In Afghanistan, as in other countries with legal systems based on Shariah law, interpreted by many Muslims to require that any Muslim who rejects Islam be sentenced to death, that’s what happens. Shariah law is the rule in Iran, Saudi Arabia, Sudan, Libya, Malaysia, parts of Nigeria and numerous other Islamic nations, particularly in the Middle East.
This case made world headlines and, with international pressure mounting, Rahman was freed Monday from the high-security prison where he had been held in solitary confinement and whisked away to a secret location. He’s asked for asylum because his life isn’t worth a plugged nickle in Afghanistan.
Prosecutors issued a letter stating he was “mentally unfit to stand trial” as the reason why they let him go.
Clerics, even some previously friendly to the United States, have threatened to incite their countrymen to kill Rahman if he were freed, saying he is guilty of apostasy and must die.
So why should we care about this in little ol’ Sweet Home, Oregon?
Without getting too deep into political and theological philosophy, let me just say that this incident, which is similar to others that have not been so well publicized but ended in darker consequences, makes me appreciate the freedom we have in the United States.
I happen to be a Christian, but legally in the United States, if I were a Muslim or a Hindu, or whatever, I would be free to worship as I pleased as long as I wasn’t committing some kind of crime (human sacrifice, for instance) in doing my thing.
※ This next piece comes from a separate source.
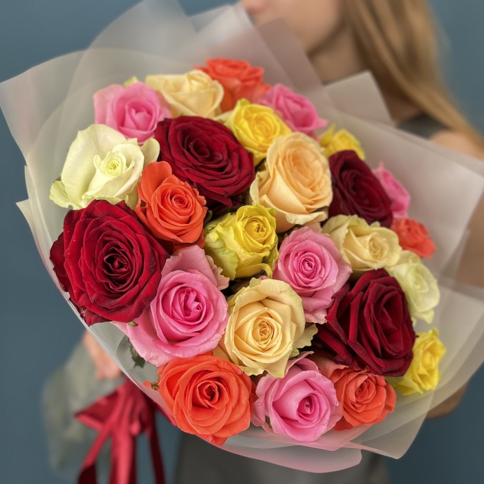 Яркий и насыщенный букет из 25 роз MIX высотой 60 см — это настоящее воплощение энергии и радости.

There is a sense, among many Christians and others, that Christianity is in decline in the United States, and we hear a lot of folks bemoaning what they see as the disappearance of the “Judeo-Christian tradition.”
Certainly, in much of Oregon, there seems to be less sympathy for Christianity than I remember years ago when I was a kid, though Oregonians as a whole have never been very churched to begin with.
This Rahman case, though, made me recall an experience I had last year.
Last summer, I took my dog for a jog part way around Foster Lake for a little exercise. We were trotting across the dam when I noticed a group of people down by the edge of the water and a few in it. I recognized from afar that it was probably a baptismal service, which, sure enough, it was.
As I came up to the corner of the dam and North River Drive, a car turned onto the dam toward me and a woman leaned out and started screaming invectives in the direction of the service. From where I was, it was a little incoherent, but I thought I caught numerous variations of the “F” word — with some “H” and “D” words mixed in.
I got close right about the time she leaned back into her car and screeched away. I heard someone in the group below yell back “Jesus loves you and we do too,” or something along those lines.
The point of this is, though, that we enjoy a society where that woman is just as free to scream anything she wants, obnoxious as it may be, as those people were to conduct their service at a public lake, obnoxious as it may be to some.
Where did that freedom come from? It came from the notion that religion isn’t imposed by government. It should be a personal choice. That philosphy has been a key foundation-block of our nation for more than 200 years.
Freedom has its costs. It’s uncomfortable sometimes, especially when you’re around people who don’t share your beliefs or who hate you because of what you believe. There is a basic tendency in human nature to want to control others, which is the very reason why we have the principles of freedom built into our federal and state constitutions.
There are plenty of people these days who don’t like Judeo-Christian thought, who don’t like the 10 Commandments, who don’t like the idea of a God who demands obedience to those laws and yet has allowed people to make their own choice as to whether they would keep them. But those principles are really where much of our notion of freedom has come from.
And it’s troubling to recognize how a large portion of the world violently rejects that idea. It might make you stop and think what life would be like without it.